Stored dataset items
──────────────────────────────

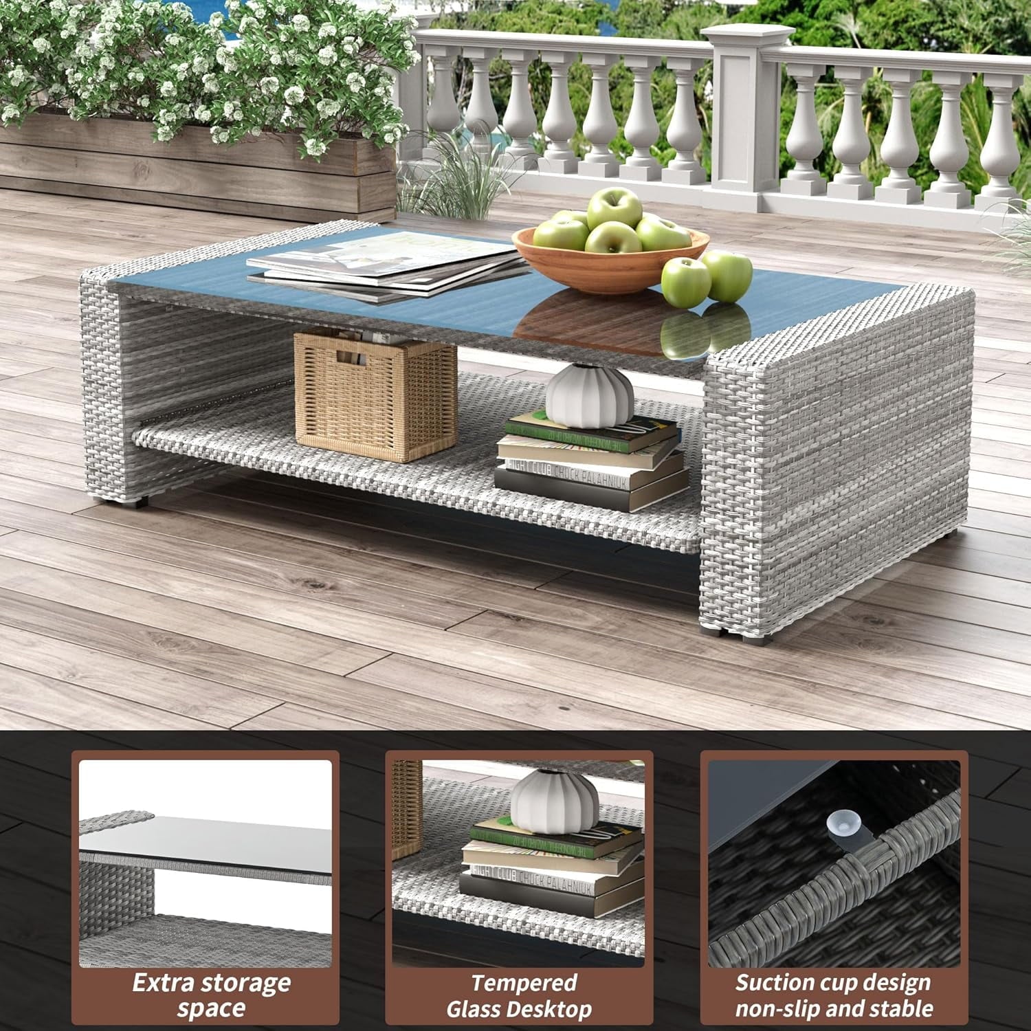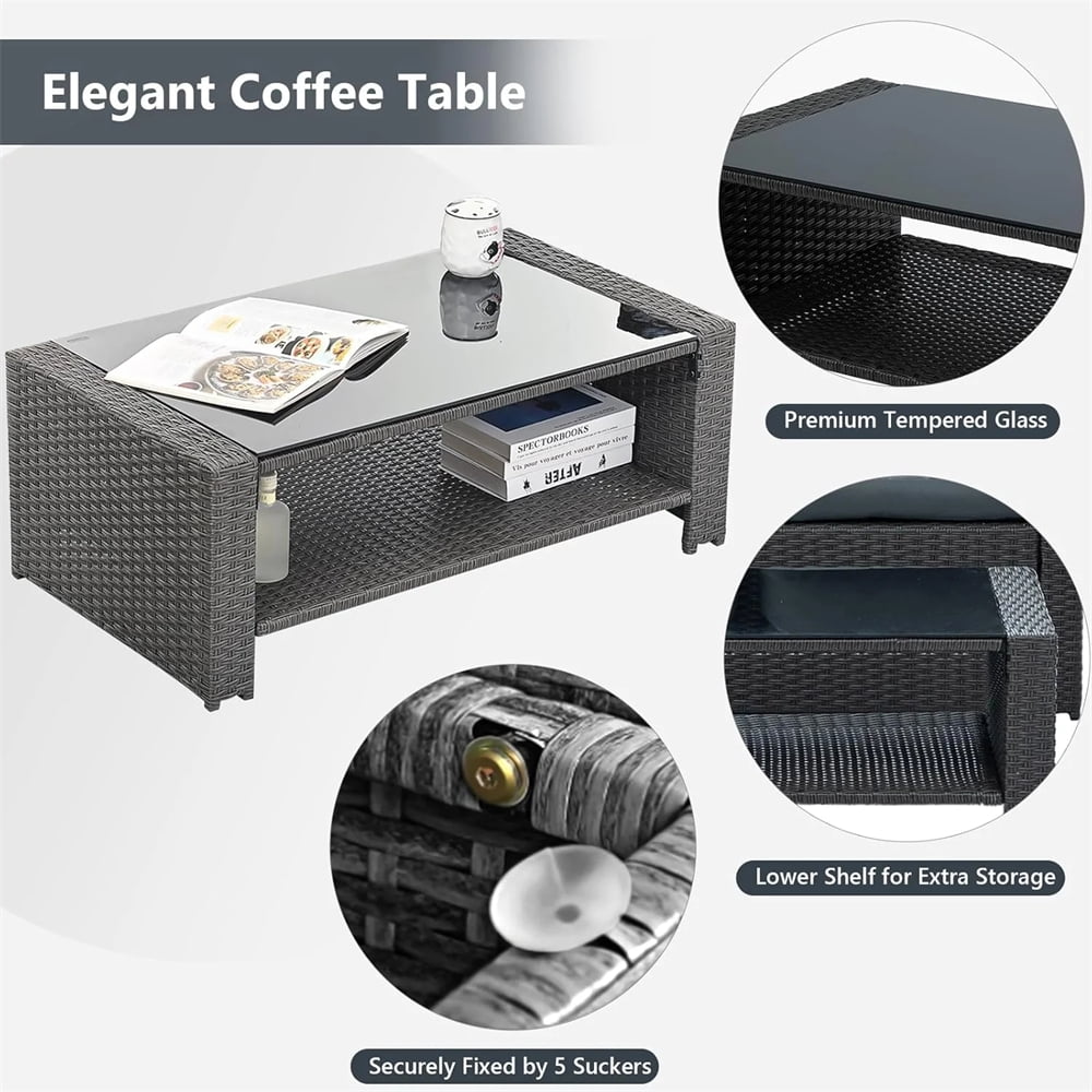 - Our 4-piece patio conversation set includes a coffee table with a removable tempered glass top secured with suction cups. Even if liquids like champagne are spilled, there’s no need to worry about it tipping over. Simply wipe the glass back to its original shape.
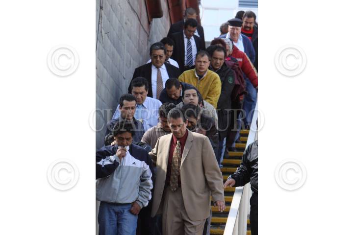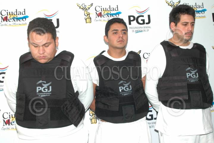 MÉXICO, D.F., 13ENERO2011.- Cumplida la medida cautelar de arraigo, la Procuraduría General de Justicia del Distrito Federal ejercitó acción penal contra de Miguel Ángel Martínez García, Narmer Gibran Ortega Gómez y Horacio Vega Martínez quienes ingresarán en las próximas horas al Reclusorio Preventivo Oriente por presuntamente integrar un grupo delictivo dedicados a exigir dinero a comerciantes; en cumplimiento a una orden de aprehensión por los delitos de secuestro y extorsión FOTO: LUIS CARBAYO/CUARTOSCURO.COM
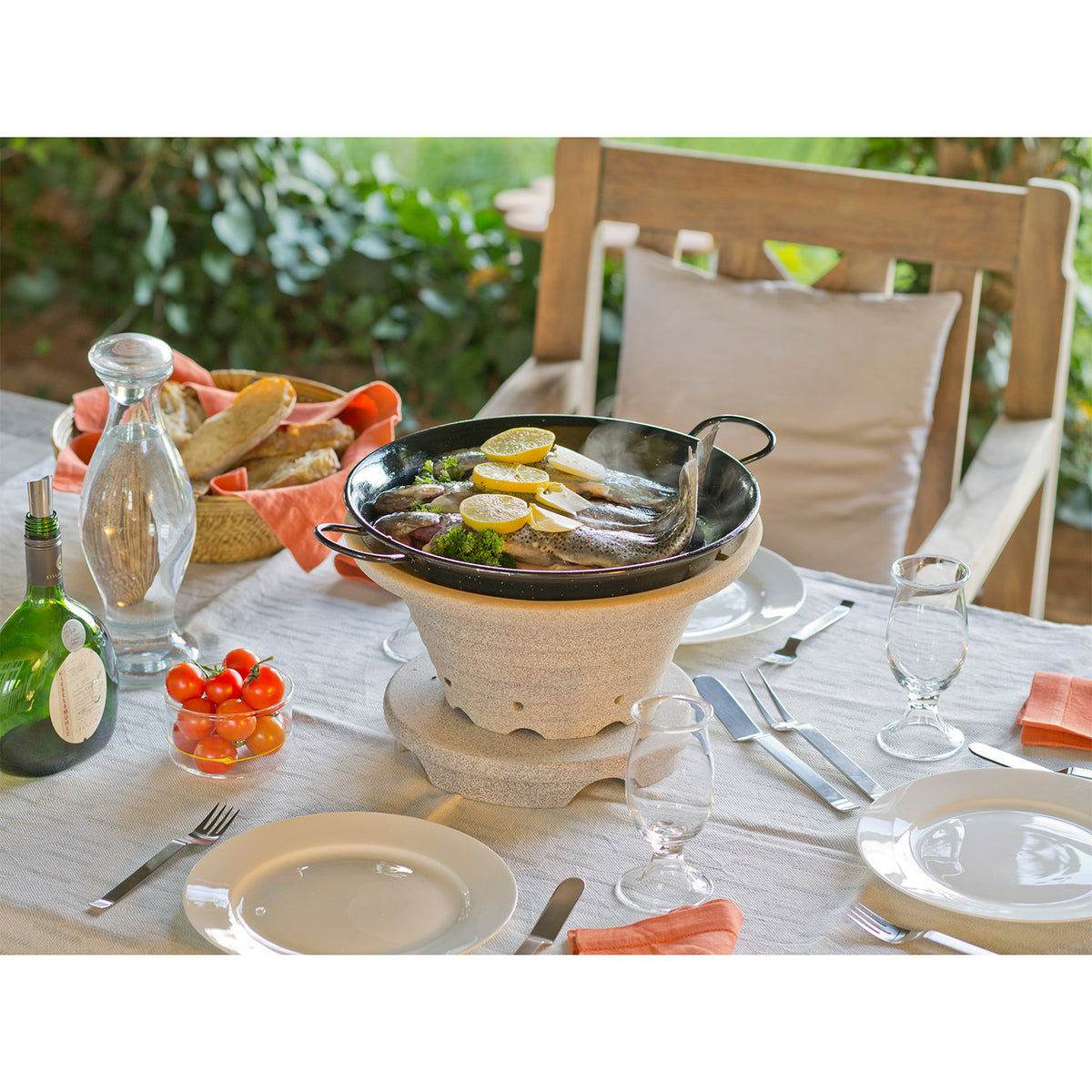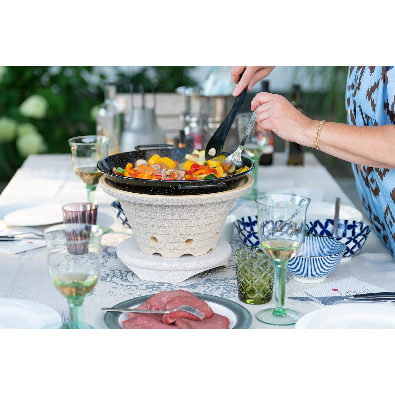 Das Bratfeuer lässt sich ganz einfach bedienen. Als Brennstoff verwenden Sie die mitgelieferten Schnellbriketts, Holzkohle oder Holz. Das Feuer haben Sie im Handumdrehen angezündet, ein leichter Luftzug entfacht die Glut. Dann Pfanne aufsetzen und das Bratvergnügen nimmt seinen Lauf.
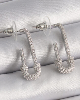 Pirinç Gümüş Renk Zirkon Taşlı Çengelli İğne Model Kadın Küpe
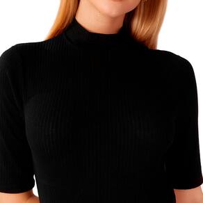 Detalhes: Gola alta, que alonga a silhueta.
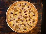 Pesto Sauce, Mozzarella Cheese, Chicken, Tomato, Red Onion, Banana Peppers, Garlic, Fresh Basil, Fresh Parmesan.

──────────────────────────────

* **To do**: Take the line with "Das Bratfeuer lässt" as the first line and the last line of the records above as the final one; reproduce exactly the lines between them, both included, without pictures.

* **Your response**:
 Das Bratfeuer lässt sich ganz einfach bedienen. Als Brennstoff verwenden Sie die mitgelieferten Schnellbriketts, Holzkohle oder Holz. Das Feuer haben Sie im Handumdrehen angezündet, ein leichter Luftzug entfacht die Glut. Dann Pfanne aufsetzen und das Bratvergnügen nimmt seinen Lauf.
 Pirinç Gümüş Renk Zirkon Taşlı Çengelli İğne Model Kadın Küpe
 Detalhes: Gola alta, que alonga a silhueta.
 Pesto Sauce, Mozzarella Cheese, Chicken, Tomato, Red Onion, Banana Peppers, Garlic, Fresh Basil, Fresh Parmesan.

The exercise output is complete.